● **YOUR TASK**: Line by line, print the records exactly, and keep images out of the copy.

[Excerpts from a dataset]

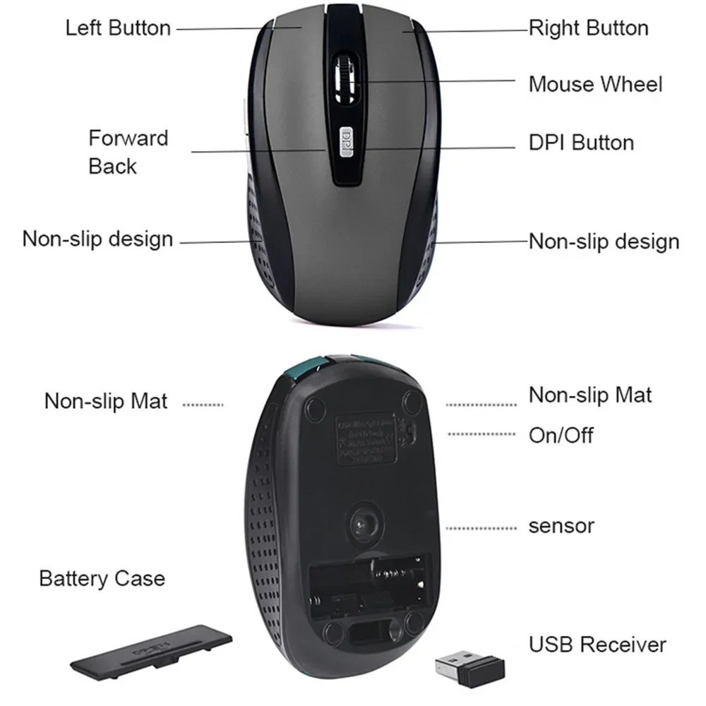 🖱️ Work Smarter & Smoother with the 2.4G Wireless Optical Mouse Enjoy seamless control and comfort wherever you go with this Portable 2.4G Wireless Optical Mouse . Designed for productivity and comfort, it’s ideal for laptops, desktops, and notebooks — whether at home, in the office, or on the move. 🌟 Key Benefits Stable Wireless Connection: Enjoy 2.4GHz wireless transmission for smooth, lag-free performance up to 10 meters away. Adjustable DPI Levels: Easily switch between adjustable DPI modes (up to 1600DPI) for precise control — great for work, design, or casual gaming. Ergonomic Comfort Design: The curved shape fits naturally in your hand, reducing fatigue during long use. Suitable for both right and left-handed users. Rechargeable & Eco-Friendly: Designed for convenience and sustainability — simply recharge and reuse (battery not included). Plug & Play Setup: No drivers needed. Just plug the USB receiver into your device and start using immediately. Universal Compatibility: Works with Windows, macOS, Linux, and Chrome OS on laptops, PCs, and notebooks. 🔧 Technical Specifications Product Type: 2.4Ghz Wireless Optical Mouse Wireless Range: Up to 10 meters Resolution: Adjustable up to 1600–2000 DPI Buttons: 4–6 functional buttons Interface Type: USB Receiver Hand Orientation: Ambidextrous (Both Hands) Operation Mode: Opto-electronic Power Type: Rechargeable (Battery not included) Gross Weight: 80g (Lightweight & Portable) Compatibility: Laptop, Desktop, MacBook, Notebook, PC
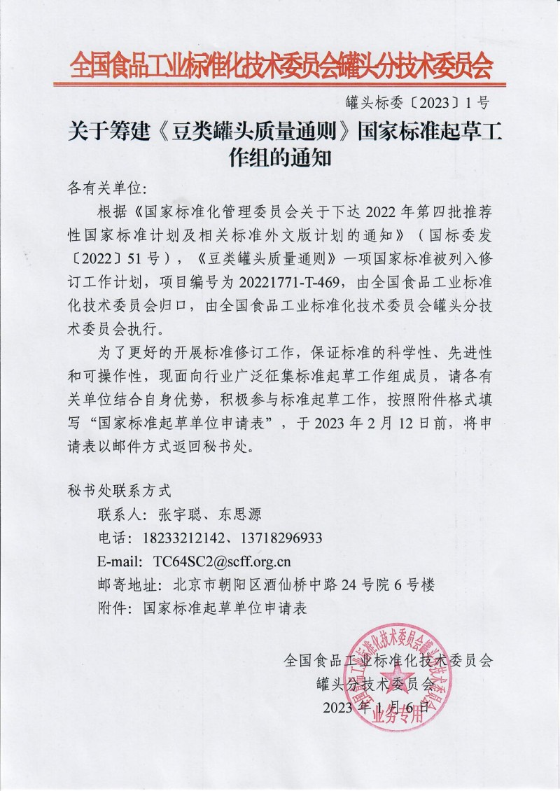 核心提示:全國食品工業(yè)標(biāo)準(zhǔn)化技術(shù)委員會罐頭分技術(shù)委員會關(guān)于籌建《豆類罐頭質(zhì)量通則》國家標(biāo)準(zhǔn)起草工作組的通知,截止時間2023-02-12.
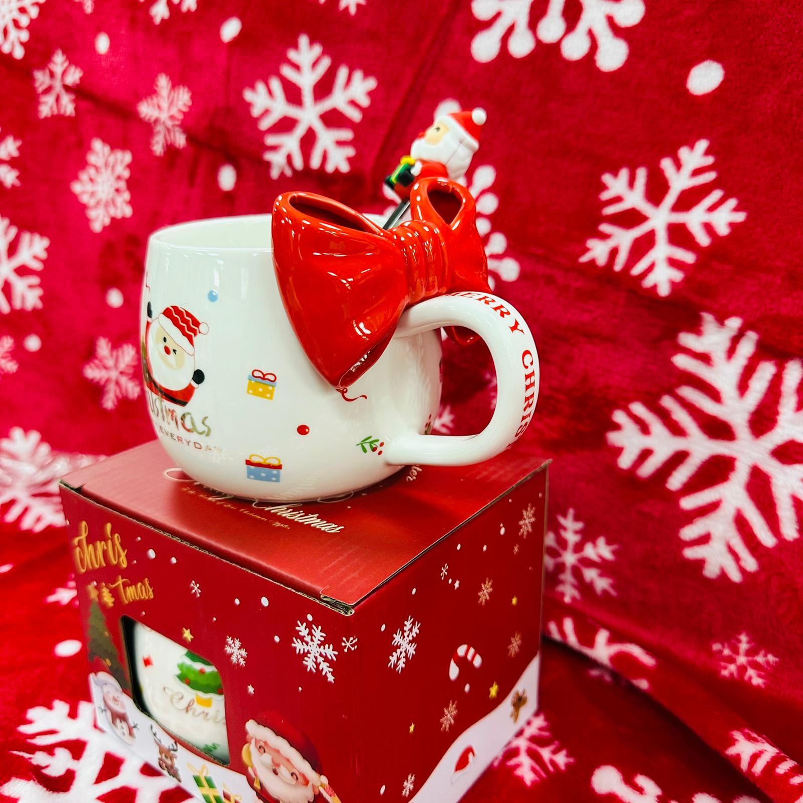 Keramička božićna šalica s 3D mašnom i ukrasnom žličicom, idealna za blagdanske napitke. Dolazi u…
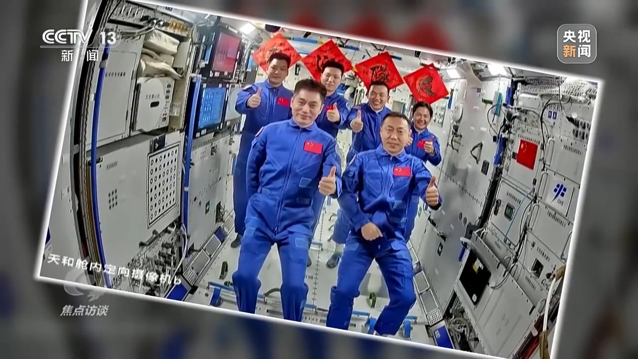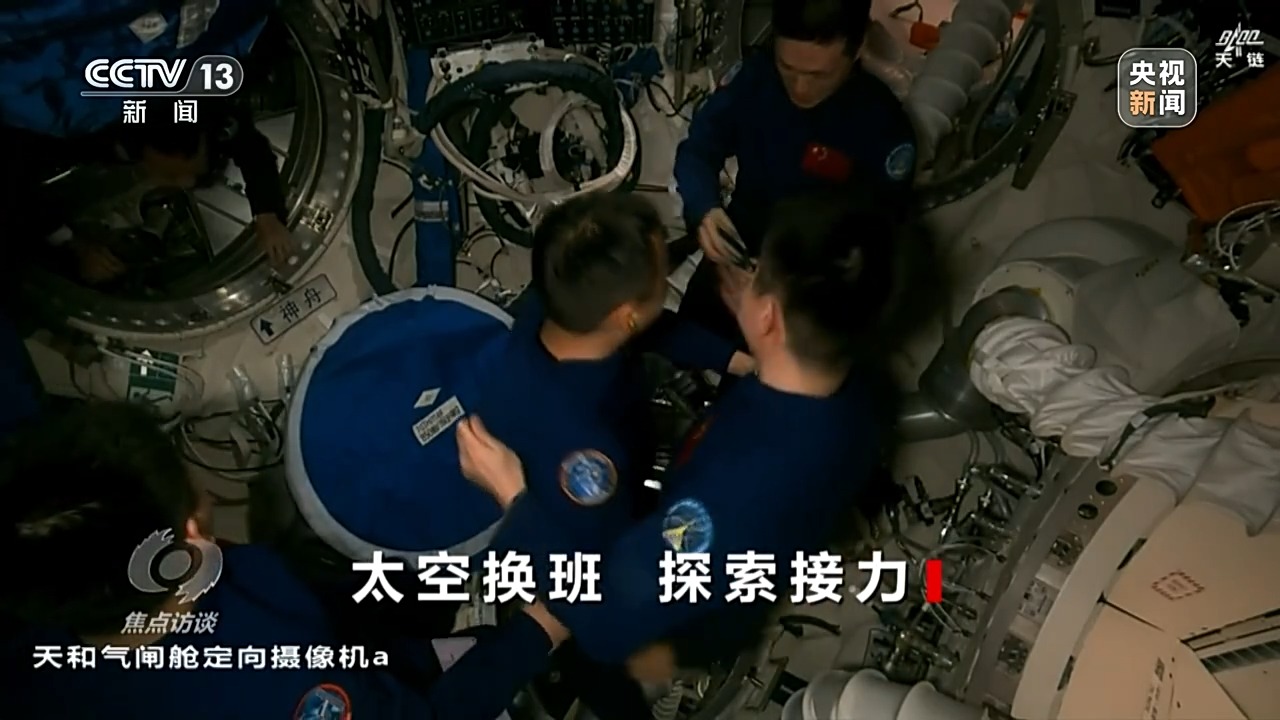 重返中國(guó)空間站的神十九航天員蔡旭哲打開(kāi)艙門,再次體驗(yàn)失重,他輕松地就從飛船進(jìn)入空間站節(jié)點(diǎn)艙,和等待他們到來(lái)的神十八乘組來(lái)了一個(gè)大擁抱。第一次進(jìn)入空間站的兩位“90后”航天員也同樣受到了熱烈的歡迎。在打掃一新的空間站核心艙,歡迎儀式必不可少。
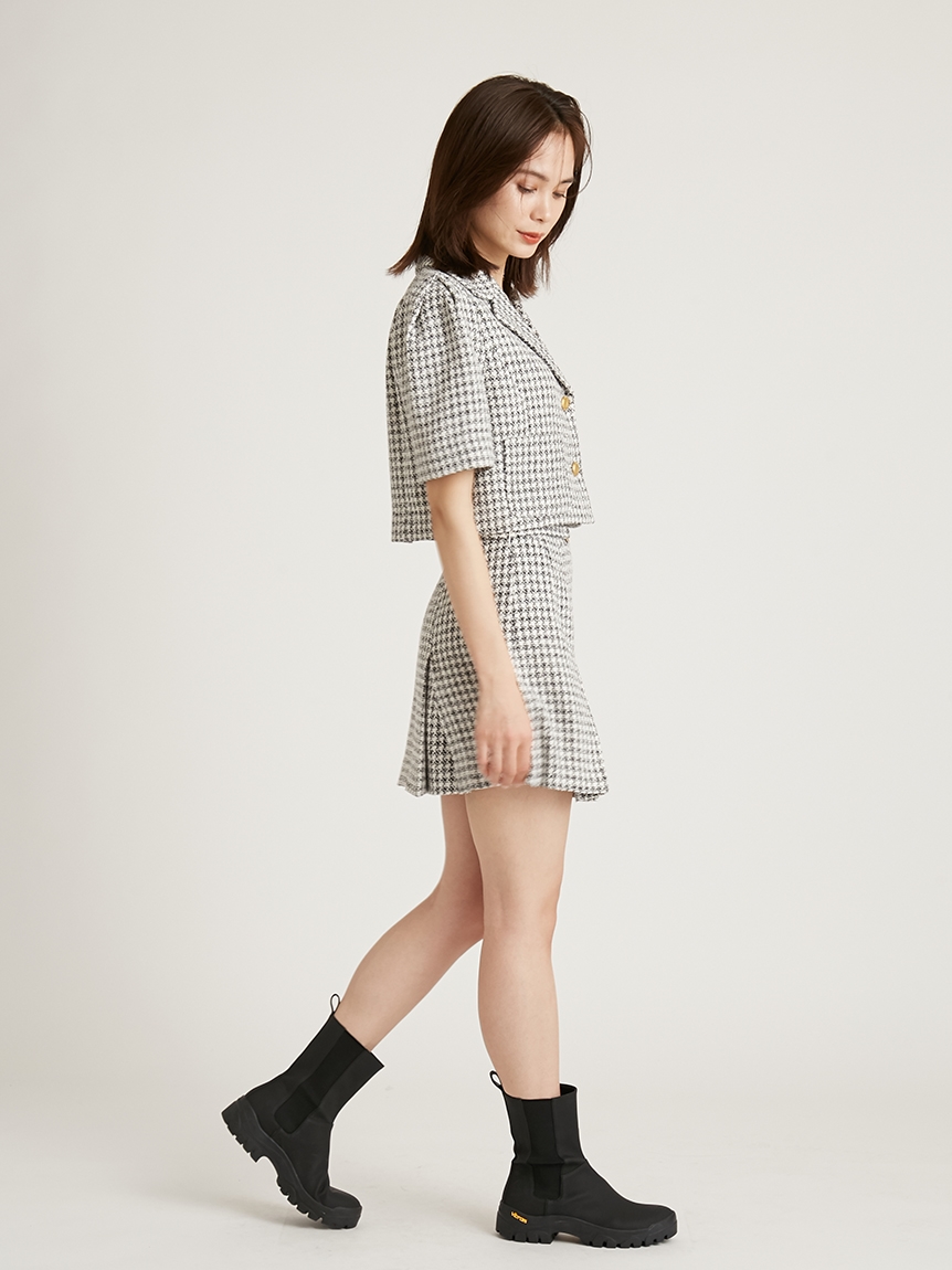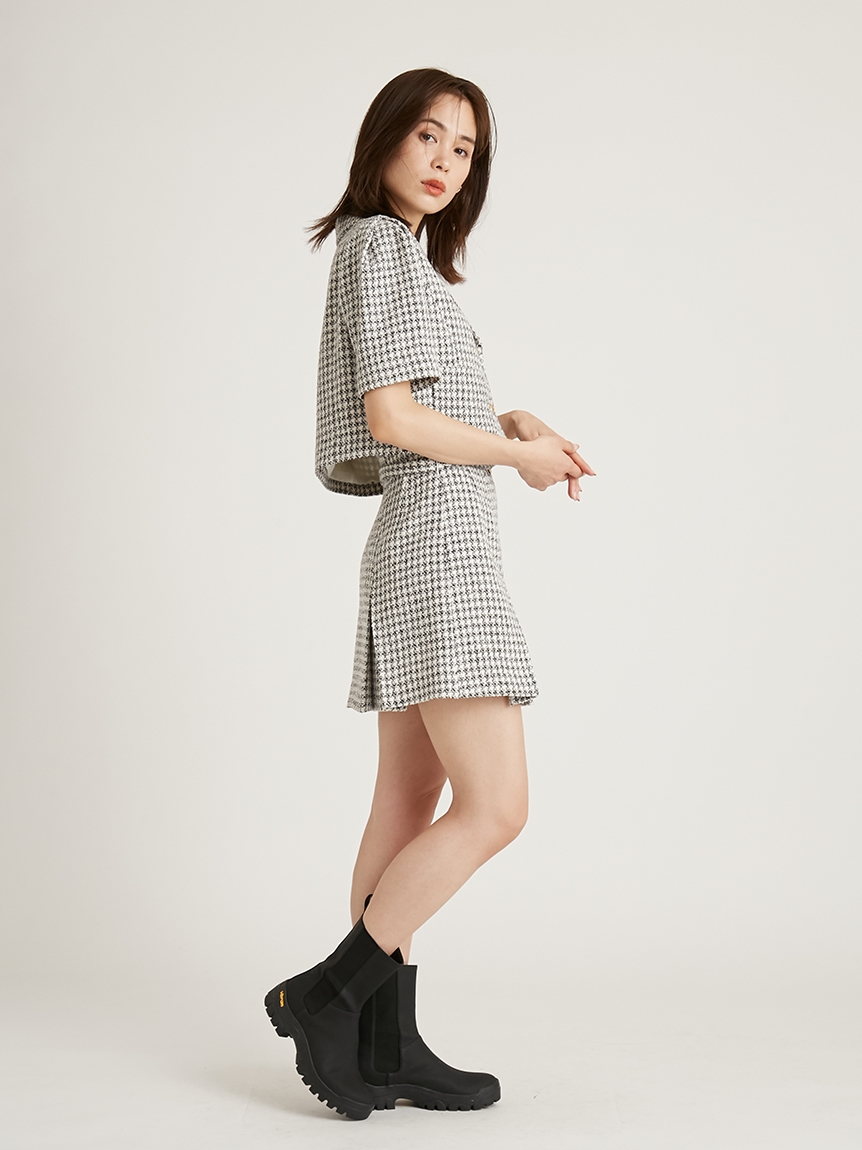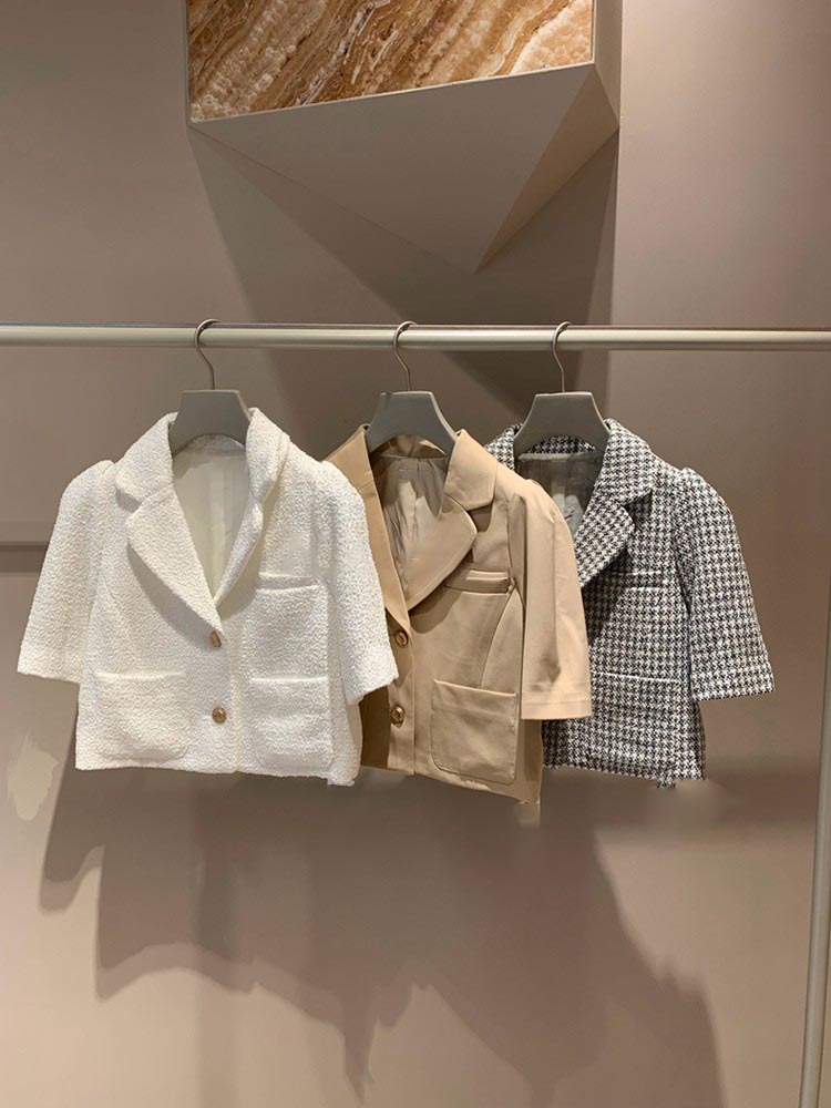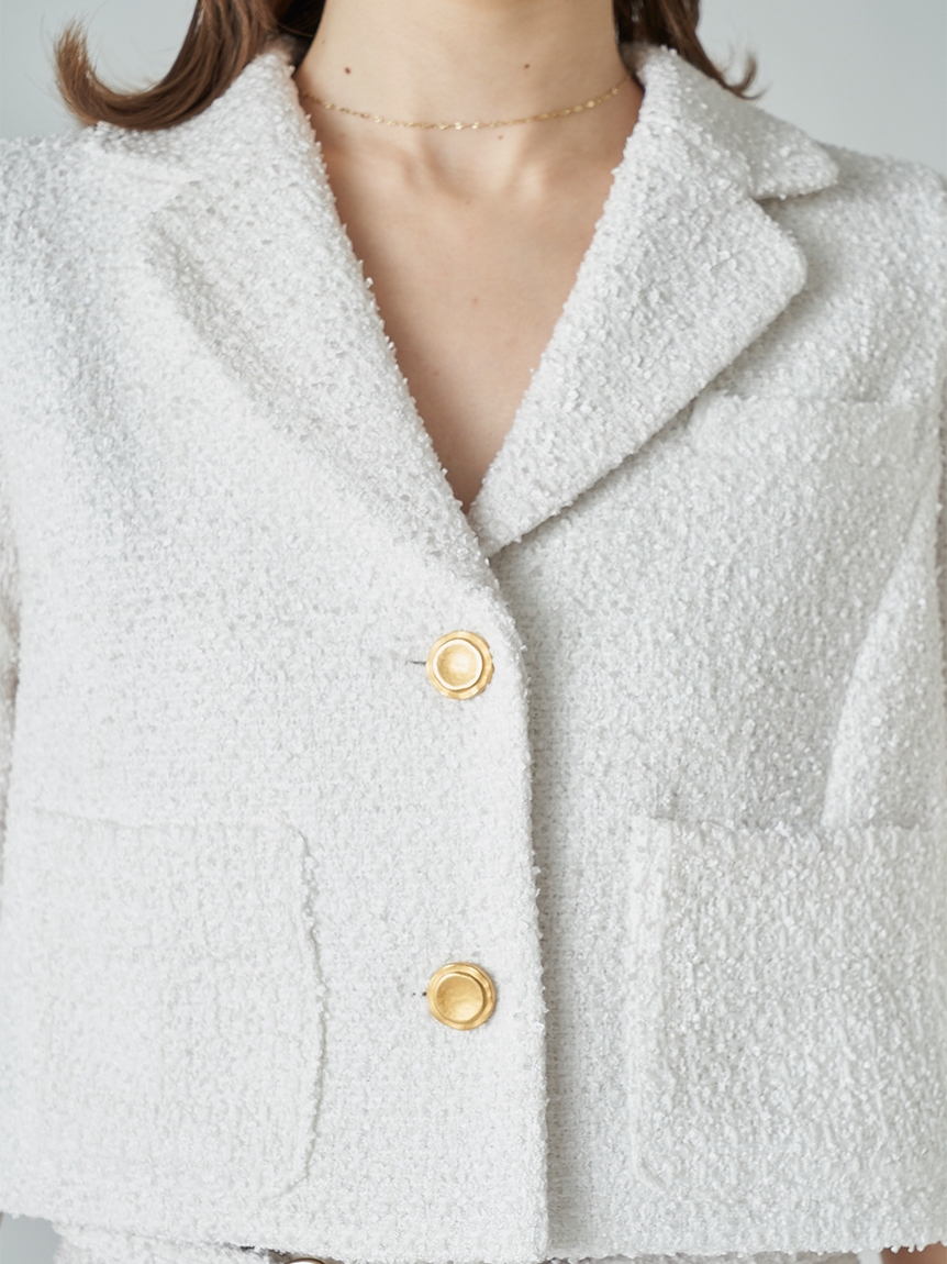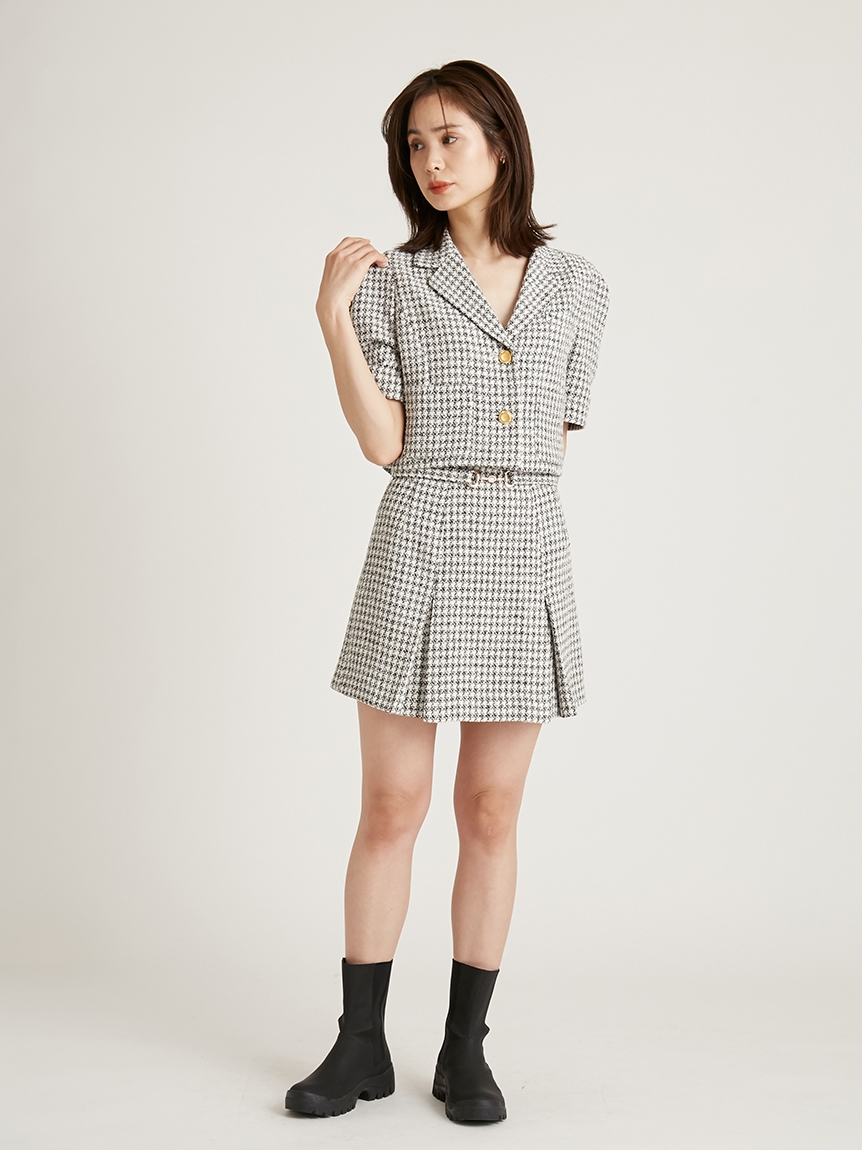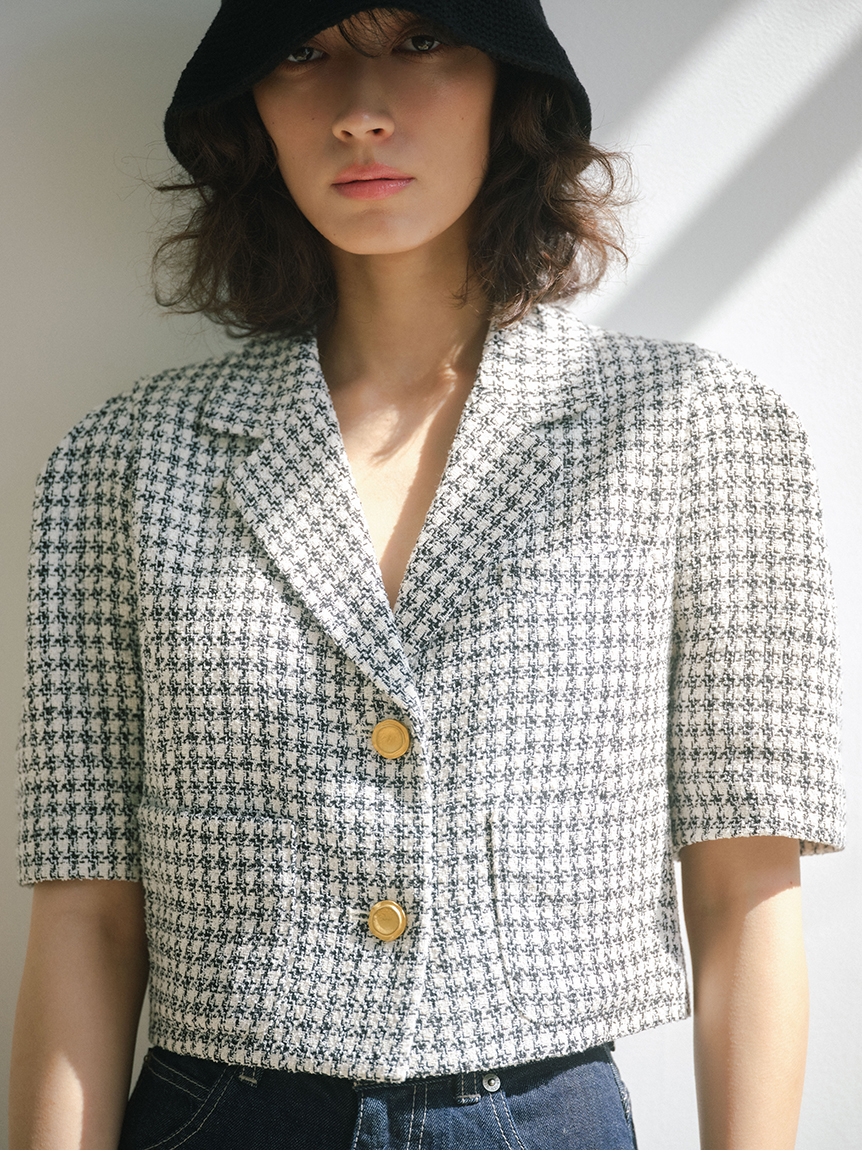 表面感のあるツイード素材を用いたホワイト、ライトな布帛のベージュ、千鳥柄ツイードを使用したミックスの豊富なバリエーション展開でお届けします。

● **SOLVED EXERCISE**:
 🖱️ Work Smarter & Smoother with the 2.4G Wireless Optical Mouse Enjoy seamless control and comfort wherever you go with this Portable 2.4G Wireless Optical Mouse . Designed for productivity and comfort, it’s ideal for laptops, desktops, and notebooks — whether at home, in the office, or on the move. 🌟 Key Benefits Stable Wireless Connection: Enjoy 2.4GHz wireless transmission for smooth, lag-free performance up to 10 meters away. Adjustable DPI Levels: Easily switch between adjustable DPI modes (up to 1600DPI) for precise control — great for work, design, or casual gaming. Ergonomic Comfort Design: The curved shape fits naturally in your hand, reducing fatigue during long use. Suitable for both right and left-handed users. Rechargeable & Eco-Friendly: Designed for convenience and sustainability — simply recharge and reuse (battery not included). Plug & Play Setup: No drivers needed. Just plug the USB receiver into your device and start using immediately. Universal Compatibility: Works with Windows, macOS, Linux, and Chrome OS on laptops, PCs, and notebooks. 🔧 Technical Specifications Product Type: 2.4Ghz Wireless Optical Mouse Wireless Range: Up to 10 meters Resolution: Adjustable up to 1600–2000 DPI Buttons: 4–6 functional buttons Interface Type: USB Receiver Hand Orientation: Ambidextrous (Both Hands) Operation Mode: Opto-electronic Power Type: Rechargeable (Battery not included) Gross Weight: 80g (Lightweight & Portable) Compatibility: Laptop, Desktop, MacBook, Notebook, PC
 核心提示:全國食品工業(yè)標(biāo)準(zhǔn)化技術(shù)委員會罐頭分技術(shù)委員會關(guān)于籌建《豆類罐頭質(zhì)量通則》國家標(biāo)準(zhǔn)起草工作組的通知,截止時間2023-02-12.
 Keramička božićna šalica s 3D mašnom i ukrasnom žličicom, idealna za blagdanske napitke. Dolazi u…
 重返中國(guó)空間站的神十九航天員蔡旭哲打開(kāi)艙門,再次體驗(yàn)失重,他輕松地就從飛船進(jìn)入空間站節(jié)點(diǎn)艙,和等待他們到來(lái)的神十八乘組來(lái)了一個(gè)大擁抱。第一次進(jìn)入空間站的兩位“90后”航天員也同樣受到了熱烈的歡迎。在打掃一新的空間站核心艙,歡迎儀式必不可少。
 表面感のあるツイード素材を用いたホワイト、ライトな布帛のベージュ、千鳥柄ツイードを使用したミックスの豊富なバリエーション展開でお届けします。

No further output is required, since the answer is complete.